The Chinese government has accelerated efforts to replace foreign operating systems, particularly Microsoft Windows, with domestic alternatives across government agencies and state-owned enterprises as part of a broader push for digital sovereignty and technological self-reliance. This transition gained significant momentum with the "3-5-2" directive issued in 2019, which mandated that government offices and public institutions phase out foreign computer equipment and software over a three-year period, aiming for a 30% replacement in 2020, 50% in 2021, and the final 20% in 2022. The policy is closely tied to the Xinchuang (Information Technology Application Innovation) initiative, which seeks to localise China's IT infrastructure to mitigate risks from US export controls and sanctions. In December 2023, the government introduced stricter procurement guidelines, enforced in 2024, that explicitly require government agencies above the township level to purchase "safe and reliable" domestic processors and operating systems, effectively barring Microsoft Windows and foreign chips from Intel and AMD from government computers.

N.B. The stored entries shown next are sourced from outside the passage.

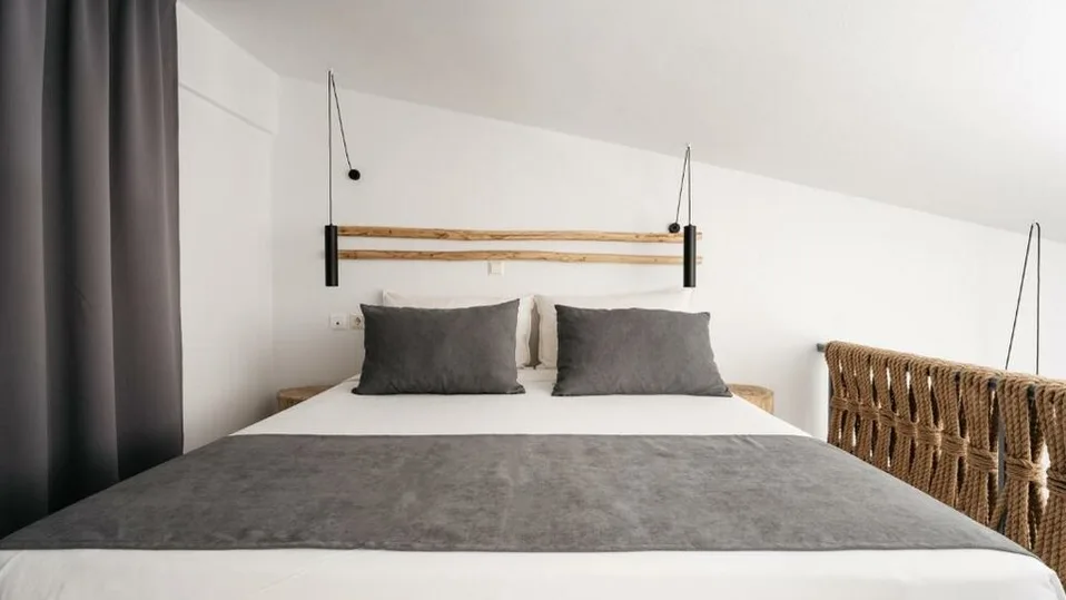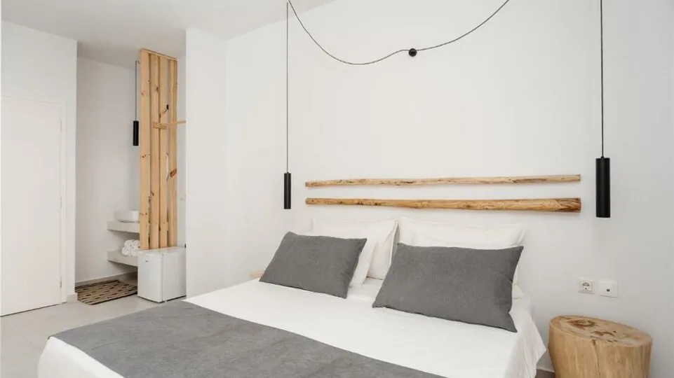 Hotel nudi moderno uređene dvokrevetne sobe, studije i porodične mezonete, mnoge sa direktnim ili bočnim pogledom na more. Sobe su elegantno dekorisane u svetlim tonovima, opremljene klima-uređajem, frižiderom, sefom i balkonom ili terasom, što ih čini udobnim izborom i za kraći i za duži boravak. Porodične jedinice u dupleks rasporedu pružaju odvojen prostor za roditelje i decu, pa su idealne kao porodične sobe za smeštaj 3–4 osobe.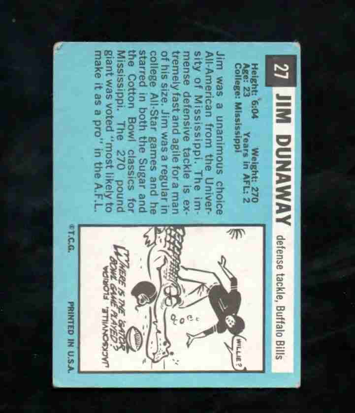 1964 Topps # 27 JIM DUNAWAY Buff. Bills Short Print Card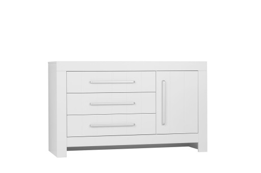 - Комод має 3 містких ящика і тумбу.
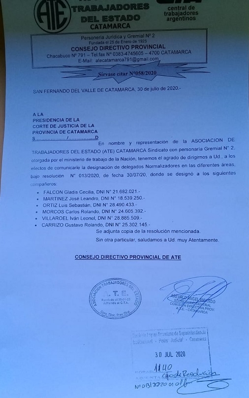 "En nombre y representación de la Asociación de Trabajadores del Estado (ATE) Catamarca, sindicato con Personería Gremial Nro. 2, otorgada por el Ministerio de Trabajo de la Nación, tenemos el agrado de dirigirnos a Ud., a los efectos de comunicarle la designación de delegados normalizadores en las diferentes áreas, bajo Resolución Nro. 013/2020, de fecha 30/07/20, donde se designó a los siguientes compañeros: Gladis Cecilia Falcón, José Leandro Martínez, Luis Sebatián Ortíz, Carlos Rolando Morcos, Iván Leonel Villarroel y Gustavo Rolando Carrizo.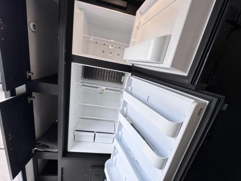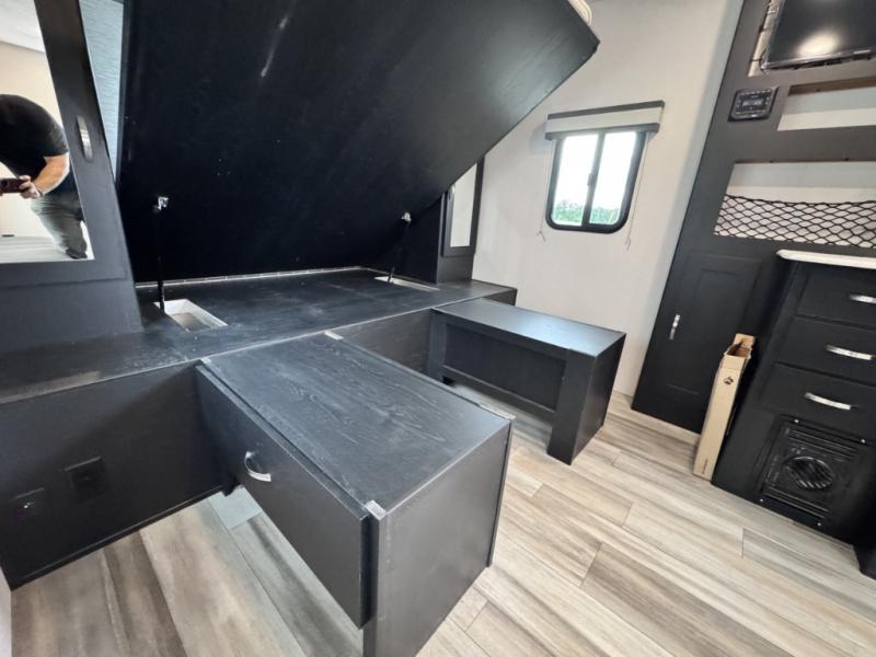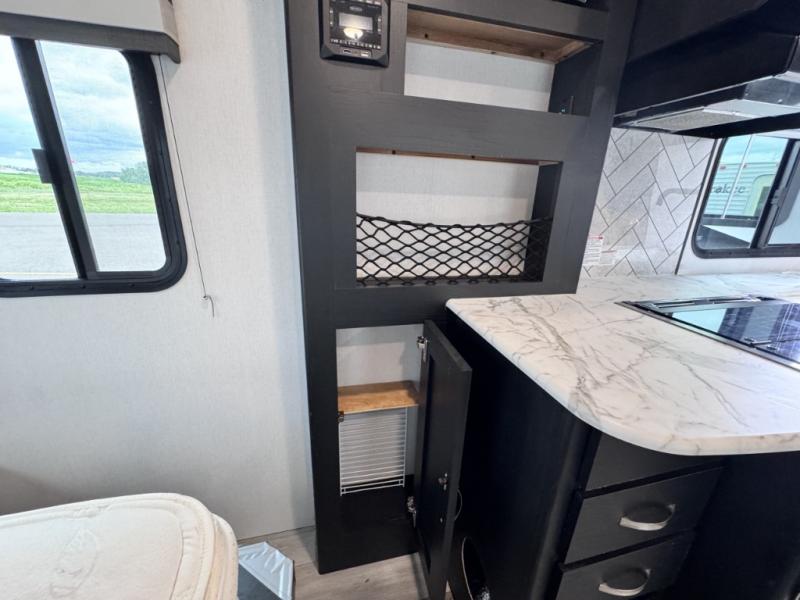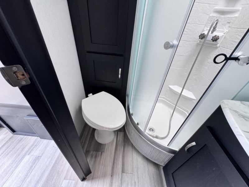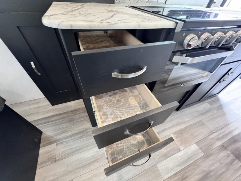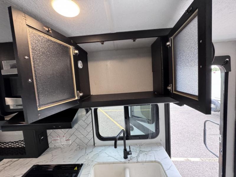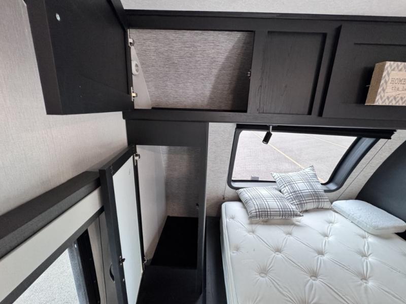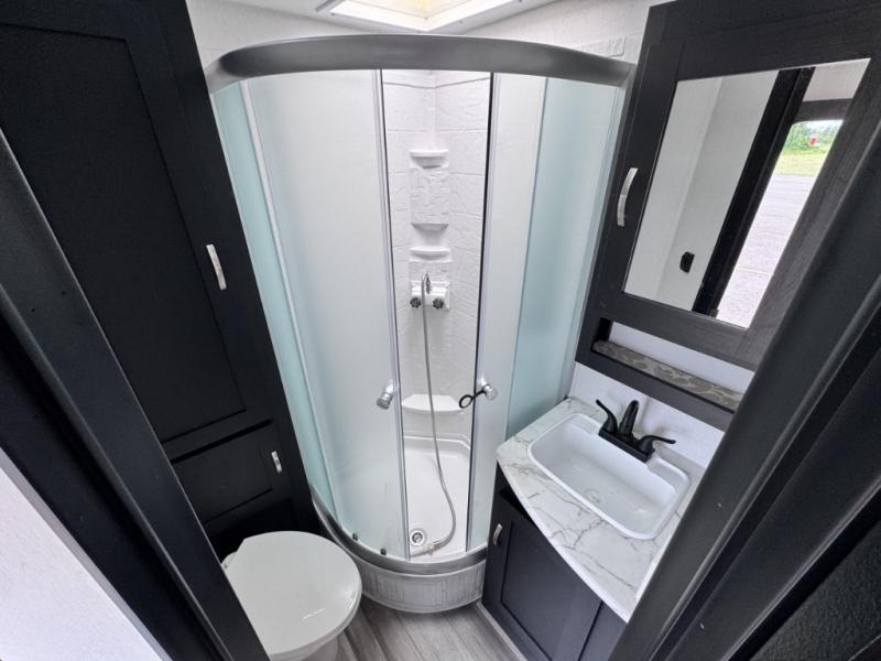 This is the perfect couple's trailer to take to the lake every other weekend. You will enjoy your own queen bed up front that includes vaulted under-bed storage for your luggage. The sofa slide out with a free-standing table provides a place to relax and dine together, and if you have an overnight guest, they can sleep here. The chef can prepare meals on the three burner cooktop or in the microwave oven, and there is a dual basin American stonecast sink for easy clean up. This model also includes a full bath with a linen closet for clean towels, and a 32" radius shower with a skylight for more standing space.

To facilitate this transition, China has heavily invested in the development of homegrown operating systems, primarily based on Linux. Prominent examples include Kylin OS, originally developed by the National University of Defense Technology and later merged into NeoKylin, and the Unity Operating System (UOS), which are widely deployed in the government sector. Beyond the public sector, the push for OS independence is expanding into broader society and consumer markets. Following its placement on the US Entity List, Chinese tech giant Huawei developed HarmonyOS NEXT, a proprietary operating system that completely drops support for Android and Windows applications in favor of a native ecosystem. The launch of HarmonyOS NEXT has been framed by Chinese state media as a landmark achievement in breaking Western technology monopolies, signaling a significant step toward complete operating system independence in China.